Основные положения, выносимые на защиту:

1. Понятие «субкультурные религии» представляется методологически наиболее корректным, так как, во-первых, не несет мировоззренческой, политической и идеологической нагрузки; во-вторых, отражает периферийное, маргинальное и порой антисистемное положение новых религиозных образований в современном обществе и культуре; и, в-третьих, дает возможность исследовать культурно-историческую и синхронную динамику современной культуры и контркультуры (в том числе и «новой религиозности») в контексте XVII-XIX веков. При этом антисистемность и контркультурность «субкультурных религий» не должна рассматриваться всецело в негативном измерении, так как она сама по себе может служить как деструктивным, так и инновационным механизмом, дающим импульс для развития «базовой культуры», самосознания человека (прежде всего, молодежи), трансформации рутинных практик повседневности в новые формы.

2. Применение понятия «субкультурные религии» позволяет прийти к выводу, что наиболее адекватным будет проведение типологизации «новой религиозности» по способам деятельности их субъектов, индивидуальных и групповых, воплощенных в специфических знаково-символических формах, носителях субкультурных кодов, которые в условиях перехода от индустриальных к постиндустриальным обществам связаны как с регенерацией и реконструкцией отдельных форм традиционных кодов в контекстах субкультурных религий, так и с созданием нетрадиционных, постмодернистских кодов. Типология, проведенная на данной эписемологической основе, может быть только конфигуративной, подвижной, что соответствует мозаичной эклектике религиозного плюрализма в эпоху глобализации и постмодерна.

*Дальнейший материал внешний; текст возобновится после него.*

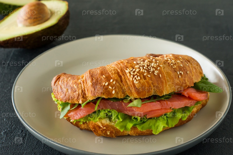 Сэндвич с круассаном с соленым лососем на тарелке, подается со свежими листьями салата, рукколой и овощами на черном фоне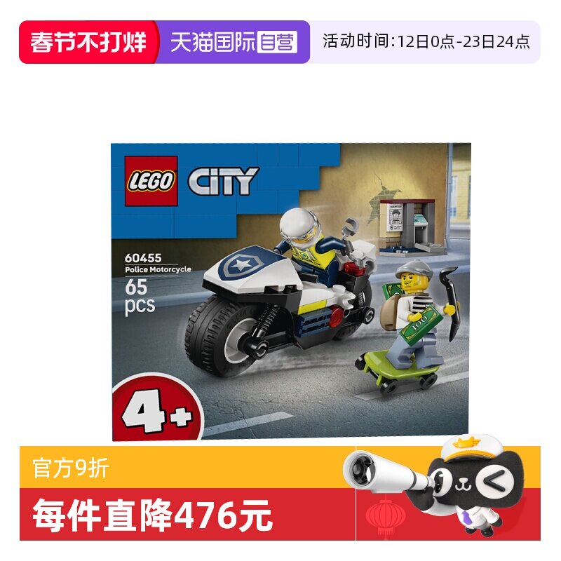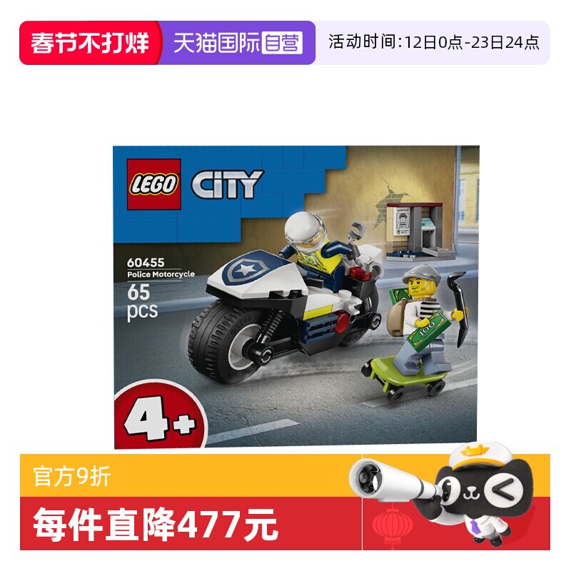 【自营】乐高城市组60455警用摩托车大追击男生拼搭积木玩具礼物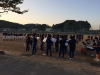 新人大会に出場する各部活動の選手に向けて、吹奏楽部が応援演奏を行いました。9月15日には体育館で練習する男女バレーボール部、男女バスケットボール部、男女卓球部、男女剣道部の選手に向けて、そして今日は校庭で練習する野球部、サッカー部、男女ソフトテニス部の選手に向けて、嵐のGUTSと校歌を演奏しました。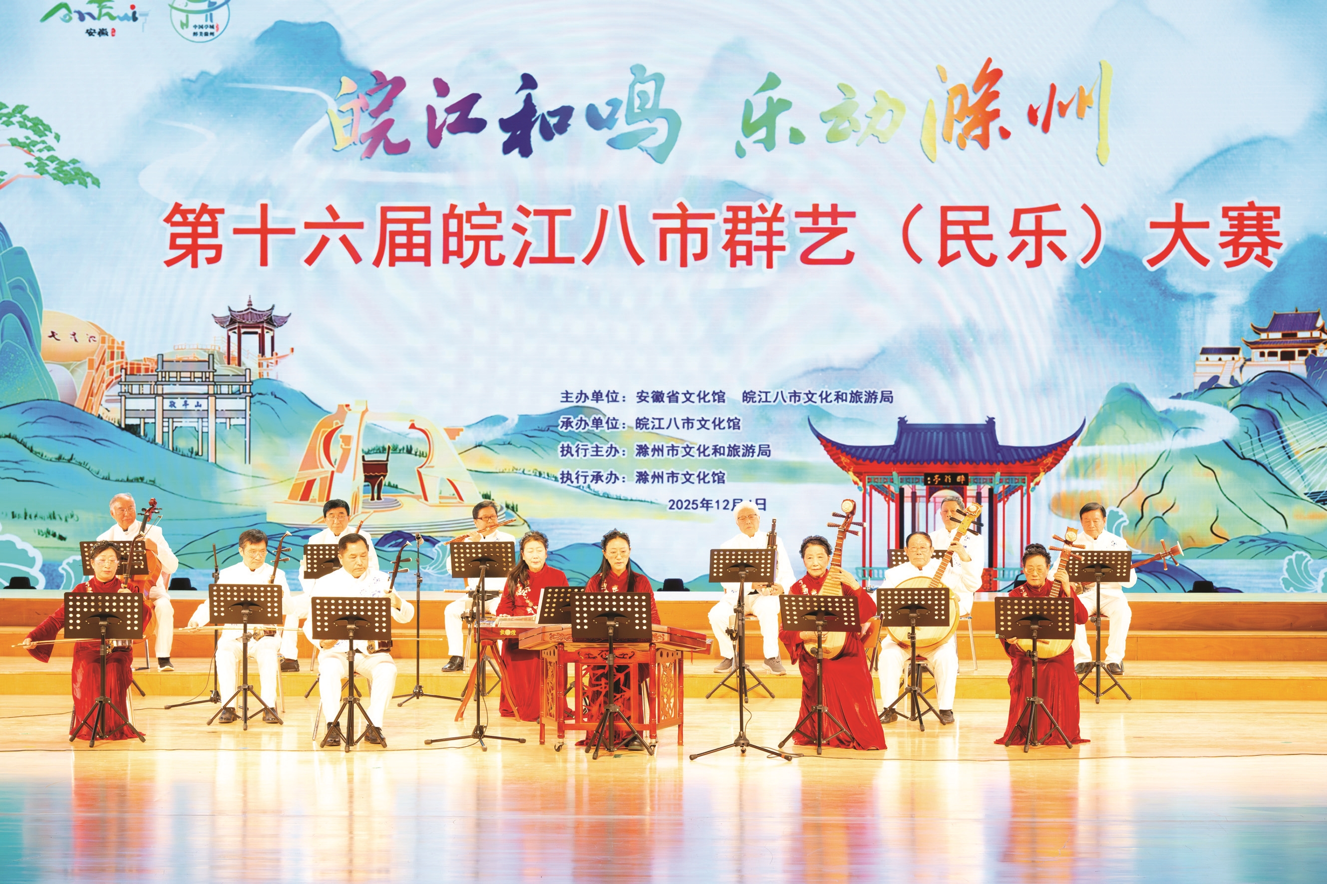 皖江八市群艺大赛创办于2007年,由滁州、马鞍山、芜湖、宣城、铜陵、池州、安庆、黄山8个城市共同发起,每年举办一次。12月4日晚,本届比赛拉开序幕,各地精心编排选送的17个优秀的民乐节目轮番上台竞演,为观众献上了一场精彩纷呈的民乐艺术盛宴。5日下午举办的精品节目展演暨颁奖典礼上,不仅获奖节目依次亮相,还特邀今年第七届“出彩滁州人演出季”获奖选手登台献艺。本届大赛在国家公共文化云等平台全程网络直播,在线观看超40万人次。

3. Субкультурные, мифологизированные религии в своих первичных формах рождались в трагических социальных, политических и духовных процессах рубежа XIX и ХХ веков, определивших новый вариант секуляризации, связанный с тем, что «бог умер» (Ницше). Однако, это было полагание субкультурных религий в контексте «серьезной», «материнской» культуры модерна и тоталитаризма. С конца 50-х и особенно в 60-е годы прошлого столетия в ситуации взрыва молодежного контркультурного протеста субкультурные религии обретают собственное мифологическое ментально-идеологическое оформление «в себе и для себя».

4. Можно выделить как сценарии позитивной личностной идентичности в субкультурных религиях, достаточно безболезненного вхождения во взрослый мир после непродолжительного времени «духовных исканий» (именно в этой версии социализации возможно обретение креативного личностного опыта), так и негативной, первоначально нонконформистской, а затем все более маргинальной, связанной с децентрированием сознания и самосознания, с деструктивными стереотипами образа жизни. Однако, наиболее вероятным вариантом оказывается феномен «спутанной», «мозаичной» идентичности, в которой откладывается социализация и возможны сценарии застоя духовной и психологической жизни, порой срывающейся в болезненные симптомы.

Теоретическая и научно-практическая значимость исследования. Результаты и выводы диссертационной работы позволяют с учетом конфессиональной и этнокультурной специфики моделировать процессы, происходящие в сфере культуры и сознания современного человека, прежде всего, молодежи. Они могут быть использованы в воспитательной работе с молодежью, в создании новых политических, социологических и интеллектуальных технологий, которые в свою очередь будут направлены на реализацию духовно-нравственного потенциала личности.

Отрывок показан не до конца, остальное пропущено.